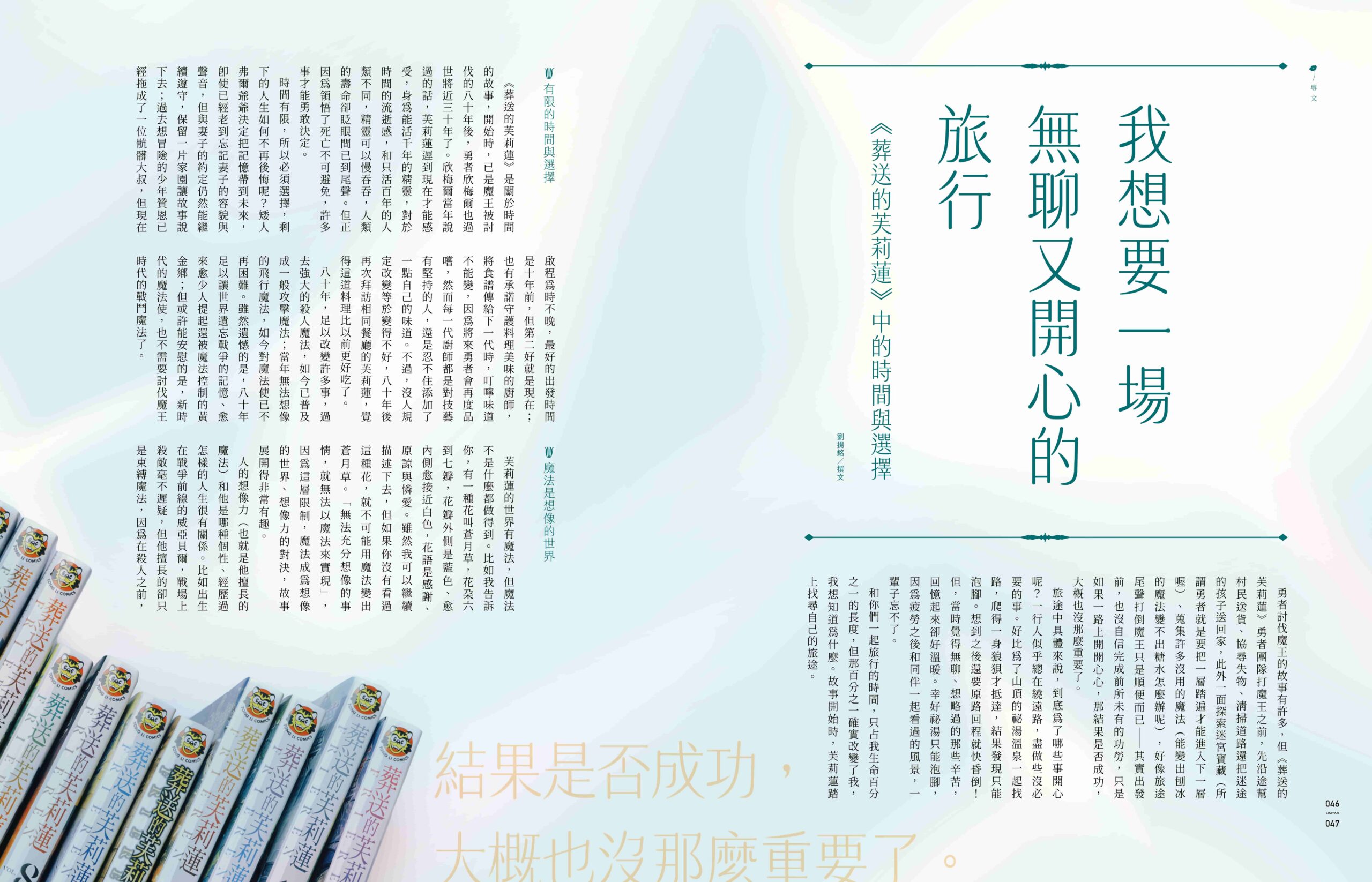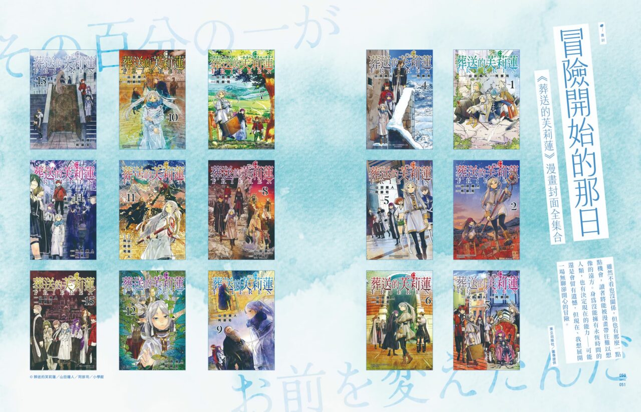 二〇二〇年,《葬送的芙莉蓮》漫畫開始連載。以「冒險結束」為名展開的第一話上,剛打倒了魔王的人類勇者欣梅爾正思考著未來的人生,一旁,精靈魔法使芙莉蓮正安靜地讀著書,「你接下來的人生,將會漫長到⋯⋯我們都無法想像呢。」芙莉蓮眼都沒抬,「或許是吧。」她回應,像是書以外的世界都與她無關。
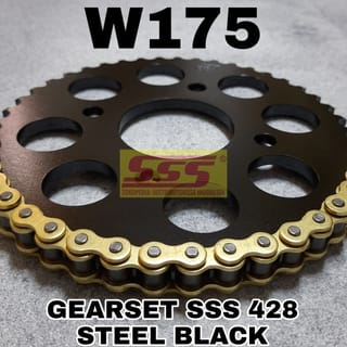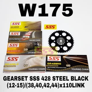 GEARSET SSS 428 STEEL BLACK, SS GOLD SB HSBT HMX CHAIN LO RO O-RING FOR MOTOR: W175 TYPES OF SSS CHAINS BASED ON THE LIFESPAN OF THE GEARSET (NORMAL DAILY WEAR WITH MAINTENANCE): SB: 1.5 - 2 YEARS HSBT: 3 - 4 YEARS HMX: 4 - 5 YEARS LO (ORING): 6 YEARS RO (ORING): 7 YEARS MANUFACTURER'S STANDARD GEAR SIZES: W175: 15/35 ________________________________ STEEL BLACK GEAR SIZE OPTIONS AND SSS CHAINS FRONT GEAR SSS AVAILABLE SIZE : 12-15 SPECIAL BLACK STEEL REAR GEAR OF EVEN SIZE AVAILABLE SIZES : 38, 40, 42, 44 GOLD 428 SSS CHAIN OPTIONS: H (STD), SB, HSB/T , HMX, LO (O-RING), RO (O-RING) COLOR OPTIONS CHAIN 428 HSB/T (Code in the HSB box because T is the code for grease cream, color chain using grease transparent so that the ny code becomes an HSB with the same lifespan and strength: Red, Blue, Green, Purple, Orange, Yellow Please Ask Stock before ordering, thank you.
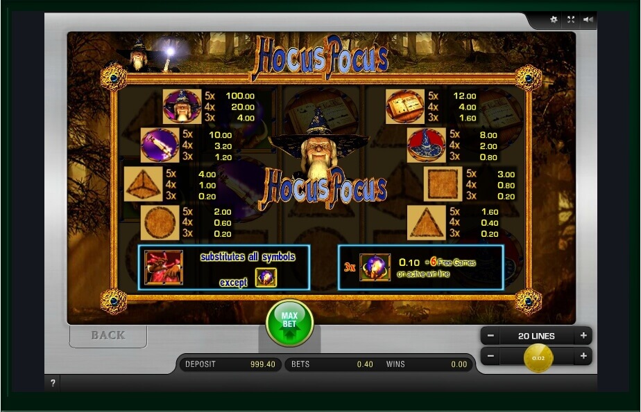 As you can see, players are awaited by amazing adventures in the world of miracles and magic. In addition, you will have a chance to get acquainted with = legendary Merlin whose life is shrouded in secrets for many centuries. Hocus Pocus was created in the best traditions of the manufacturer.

▶ **PROBLEM DETAILS**
This task calls for restating, word for word, each line from the line holding "GEARSET SSS 428" through the end of the material, pictures left out.

▶ **YOUR RESPONSE**
 GEARSET SSS 428 STEEL BLACK, SS GOLD SB HSBT HMX CHAIN LO RO O-RING FOR MOTOR: W175 TYPES OF SSS CHAINS BASED ON THE LIFESPAN OF THE GEARSET (NORMAL DAILY WEAR WITH MAINTENANCE): SB: 1.5 - 2 YEARS HSBT: 3 - 4 YEARS HMX: 4 - 5 YEARS LO (ORING): 6 YEARS RO (ORING): 7 YEARS MANUFACTURER'S STANDARD GEAR SIZES: W175: 15/35 ________________________________ STEEL BLACK GEAR SIZE OPTIONS AND SSS CHAINS FRONT GEAR SSS AVAILABLE SIZE : 12-15 SPECIAL BLACK STEEL REAR GEAR OF EVEN SIZE AVAILABLE SIZES : 38, 40, 42, 44 GOLD 428 SSS CHAIN OPTIONS: H (STD), SB, HSB/T , HMX, LO (O-RING), RO (O-RING) COLOR OPTIONS CHAIN 428 HSB/T (Code in the HSB box because T is the code for grease cream, color chain using grease transparent so that the ny code becomes an HSB with the same lifespan and strength: Red, Blue, Green, Purple, Orange, Yellow Please Ask Stock before ordering, thank you.
 As you can see, players are awaited by amazing adventures in the world of miracles and magic. In addition, you will have a chance to get acquainted with = legendary Merlin whose life is shrouded in secrets for many centuries. Hocus Pocus was created in the best traditions of the manufacturer.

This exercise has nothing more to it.